医者はお馬鹿さん

医者はお馬鹿さんである。そうでなければ内科や外科の勤務医など出来ない。


学生時代は、かなり遊んだと思う。
勉強は必要最小限。講義は9割は出ていたが。
基礎実習でウエアの上に白衣を着ていて、講師にからかわれた。
でも、実習が終わったら練習に直行したいのだから、仕方ない。
6年になって、院内実習が終わって、試験のシーズンに入ると、下宿から大学まで走って、図書室で勉強した。
数ヶ月続く卒業試験。異常にハイになったり、ブルーになったり。
連れとの取るに足らない馬鹿話が何よりも救いだった。
耐えきれなくなるやつも何人か出た。

当時流行った、愛と青春のなんちゃらという士官学校の話の映画を見ていると、自分たちの境遇に割と似ていた。
みんなそれぞれの思いを抱いて学校に入ったが、6年経てば、いなくなるやつが何人かいた。
切ないが、当時の自分にはどうすることもできなかった。

そうして電気スタンドを抱えて国家試験を受け、病棟業務が始まった。合格発表も出てないうちから。

以来、まとまった休みは新婚旅行くらい。
ロードショーやコンサートなど行ったことがない。学会の夜、ライブに顔を出す程度。

それだけ働いて、世の中少しはましになればいいんだけど、ひどくなる一方。


最近高齢者の受診抑制が強まっている。
医療を本当に必要とする人は弱者だ。自分で自分をどうすることもできない。家族もどうすることもできない。
独居で介護度5の老人が、かたくなに入所を拒否し、火の気のない自宅でひとり横たわっていることを希望する。誰の世話にもなりたくないから。
月に1度の訪問診療と日に3回のヘルパー訪問がすべて。
本心では、暖かい所で誰かとつながっているのが幸せと思っても、彼は尊厳にかけて、それを認めはしない。

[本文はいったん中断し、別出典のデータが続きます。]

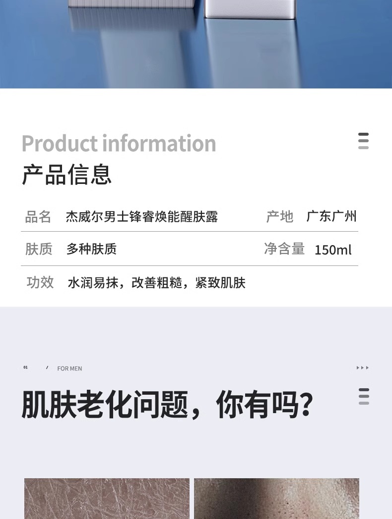 杰威尔男士爽肤水补水保湿水夏季淡纹细纹皱纹紧致润肤水焕能醒肤露脸部专用护肤品
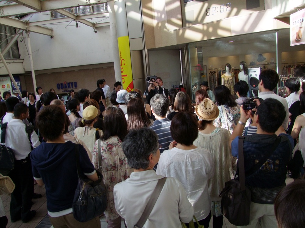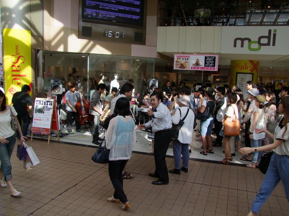 最初のステージである modi の2階エントランスでの演奏は、人通りも多い16:00頃から始まりました。2階のエントランス…というと不思議に思うかもしれませんが、ここは小田急線の町田駅と、JR横浜線の町田駅を結ぶ通路沿いに位置し、特に日曜のこの時間の人通りの多さは、正にこれでもか!…というぐらいに人で溢れ返る状況ともなっています。そこで演奏をやれるのは有難いですが、音量や場所(陣地)には結構な制限が有り、予め決めておいたセットリストをいったん白紙に戻しての考えが求められました。
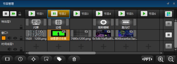 通过对节目管理中的窗口进行编辑,可以生成对应的节目,进而实现节目流程的切换,使LED大屏显示不同效果。节目列表和节目图层可以无限添加:窗口里面可以播放包括视频、图片、字幕、音频等内容,特效图层可以添加各种特效,流程标签层标记更多流程可以让节目更明确细致。另外右下角的PPT全局翻页,可在软件任意界面控制PPT的播放,方便快捷。
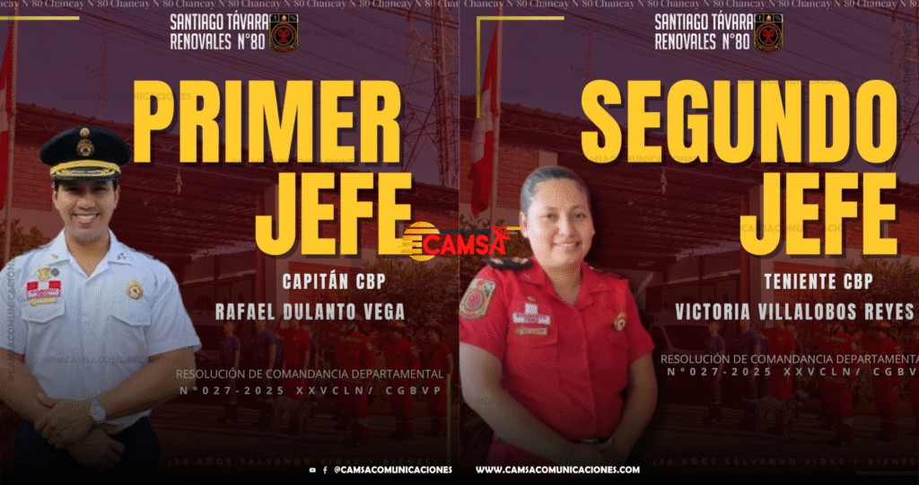 La XXV Comandancia Departamental Lima Norte del Cuerpo General de Bomberos Voluntarios del Perú, mediante la Resolución N.° 027-2025-XXVCDLN-CGBVP, oficializó el pasado 25 de agosto la designación de los nuevos jefes de la Compañía de Bomberos “Santiago Távara Renovales” N.° 80 de Chancay.
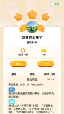 • 激励学习:在轻松愉快的氛围中掌握成语、诗词知识,并通过丰富的奖励机制和排名榜单,激发孩子的学习斗志与成就感。
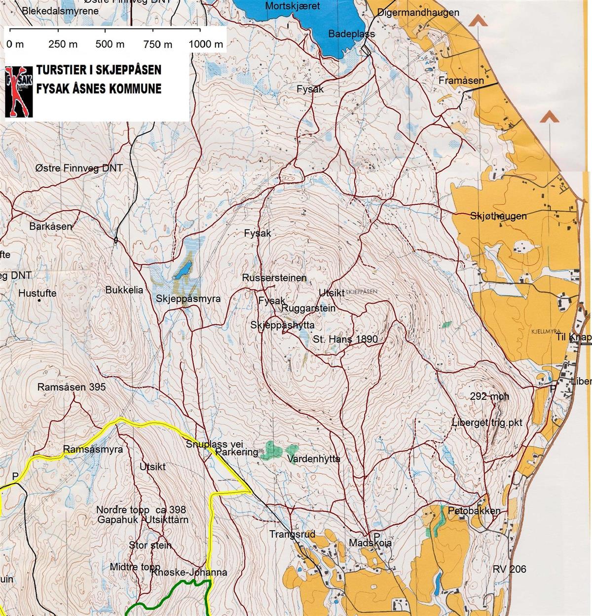 Stiene i Skjeppåsen er ikke fargemerket. Stiene som er merket brune på kartet er tydelige i terrenget.
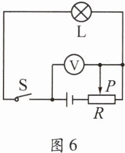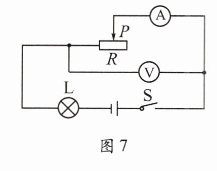 4. 如图7所示的电路,电源电压保持不变,小灯泡上标有“9 V 5.4 W”的字样。闭合开关后,小灯泡L正常发光,电压表V的示数为6 V。设小灯泡L的电阻不变,求:
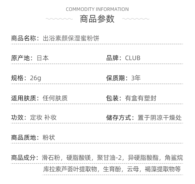 日本Club晚安粉素颜粉26g 蜜粉散粉保湿控油养肤定妆粉持久粉饼
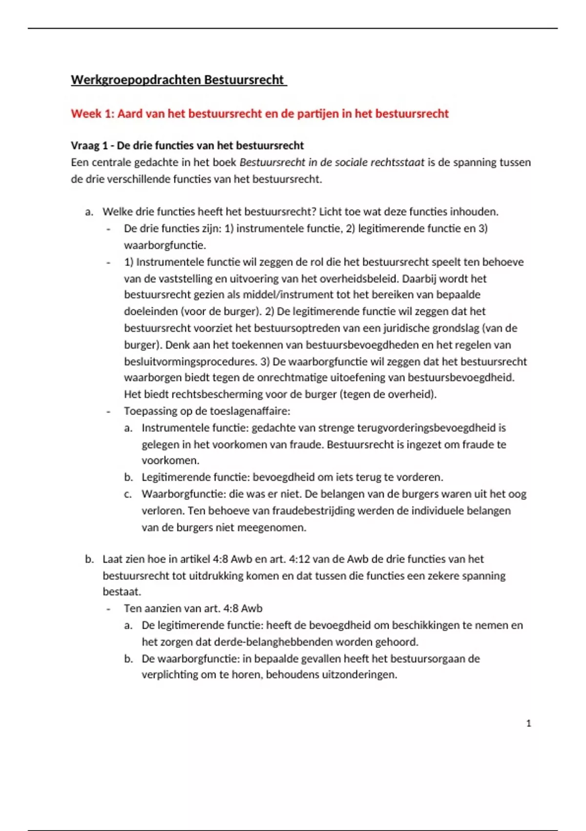 Samenvatting Werkgroepopdrachten bestuursrecht
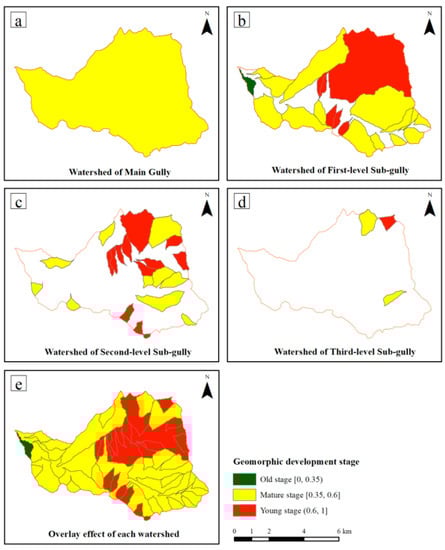 HI values of the different watershed levels. (a) Watershed of the main gully; (b) Watershed of the first-level sub-gully; (c) Watershed of the second-level sub-gully; (d) Watershed of the third-level sub-gully; (e) Overlay effect of each watershed.
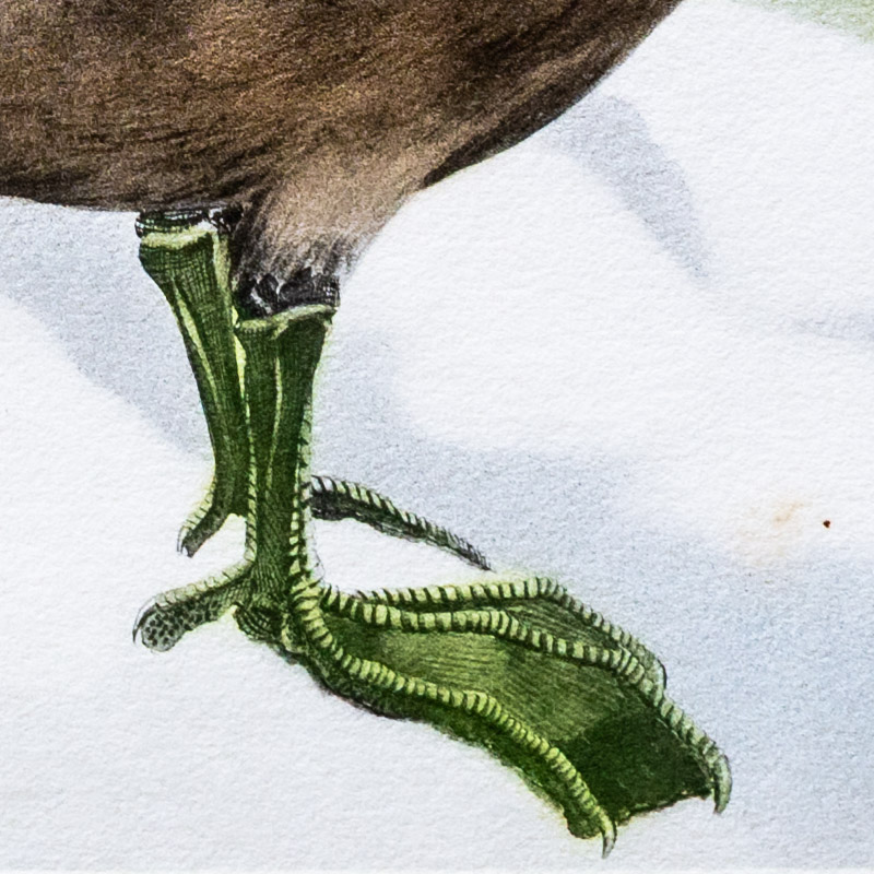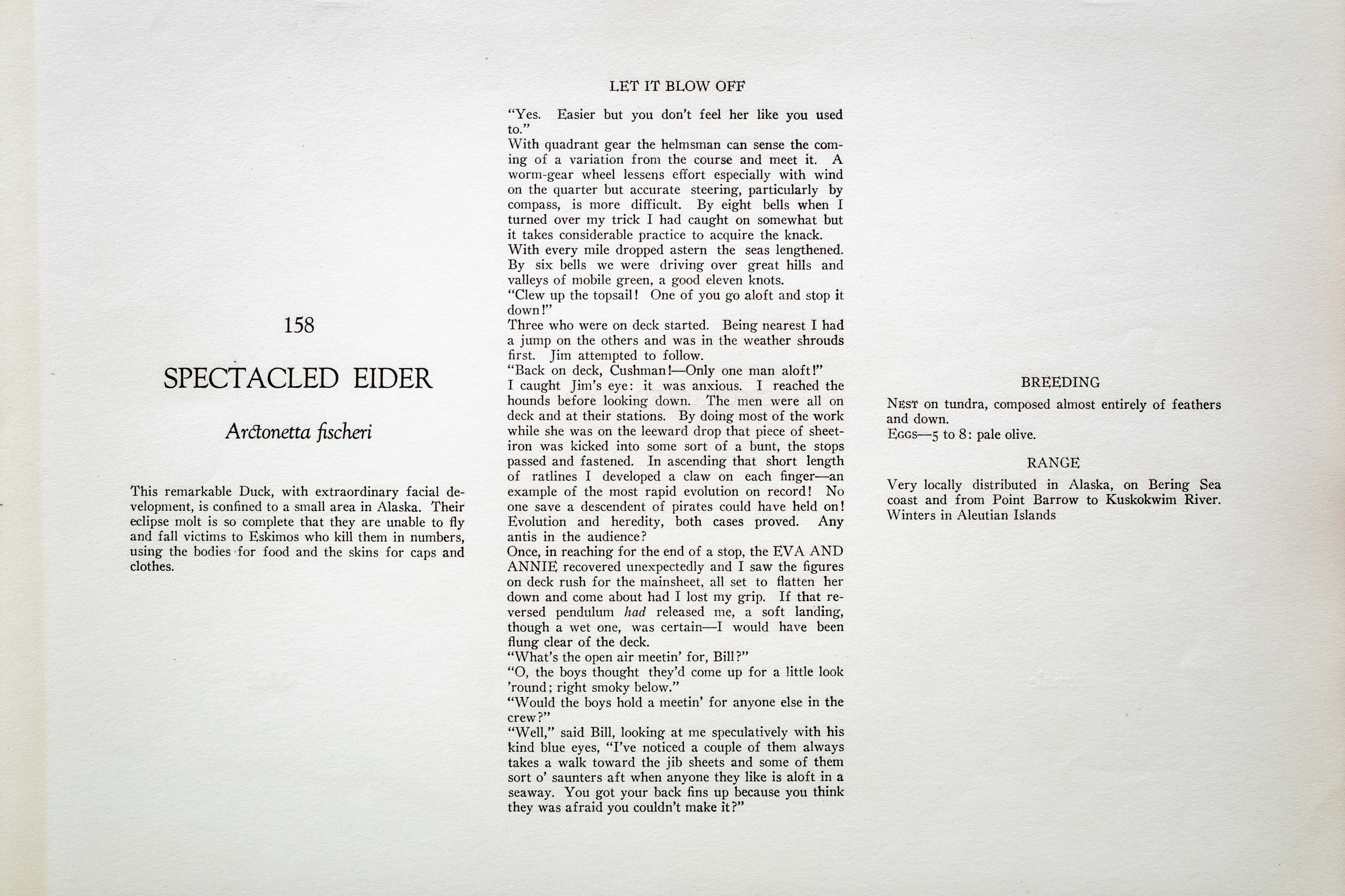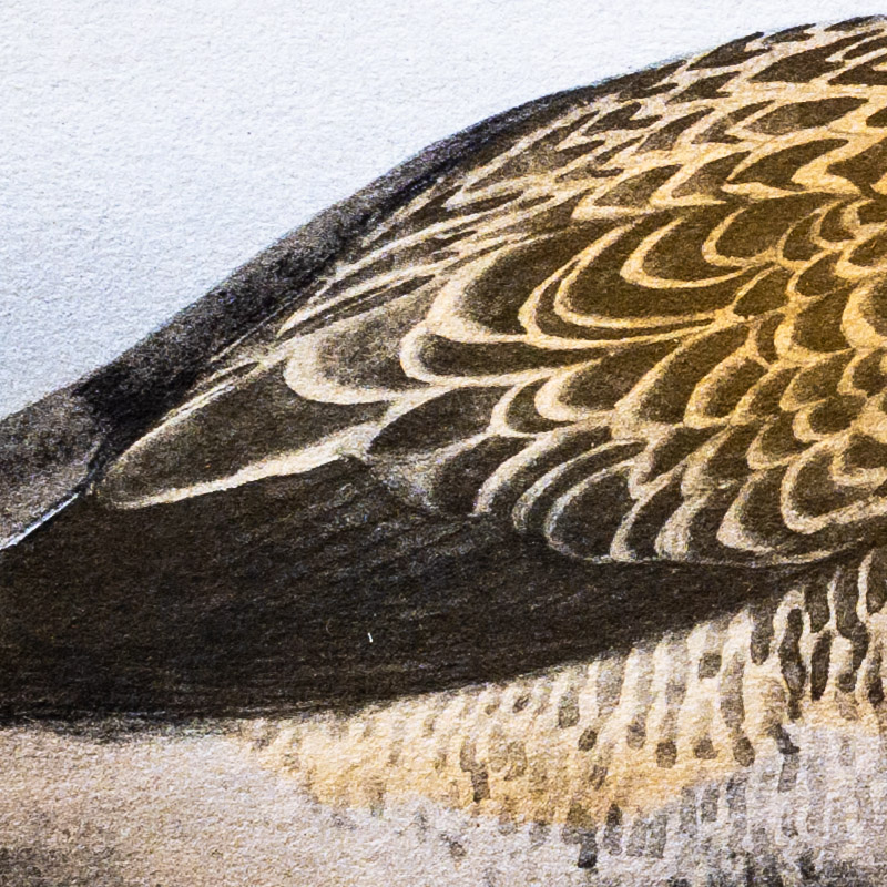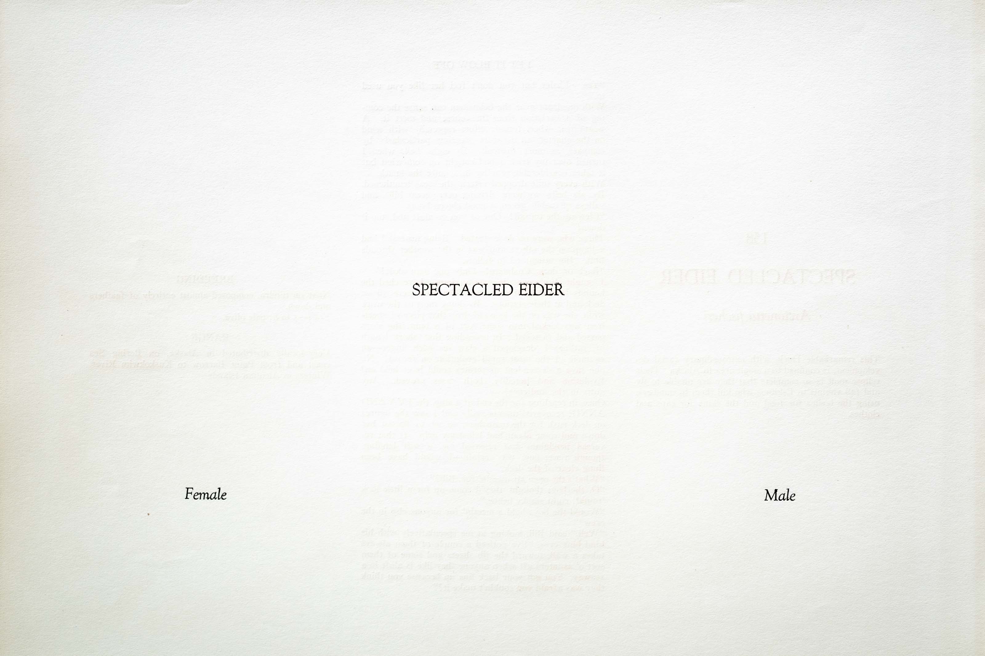 This remarkable Duck, with extraordinary facial development, is confined to a small area in Alaska. Their eclipse molt is so complete that they are unable to fly and fall victims to Eskimos who kill them in numbers, using the bodies for food and the skins for caps and clothes.

経済優先の世の中で、彼はこぼれ落ちてしまう。そういう人を相手にするのが医療だと思っていた。


医療崩壊を口実に、混合診療や自由化の流れが強まっている。だが、医療は市場主義にはなじまない。
勤務医には自分の給与と保険収入や医療行政などなんの関係もない。目の前の患者がいるだけだ。

金なんて米と本が買えるだけあればよい、と思っていた。

ああ、医者なんて、本当にお馬鹿さんじゃないと勤まらない。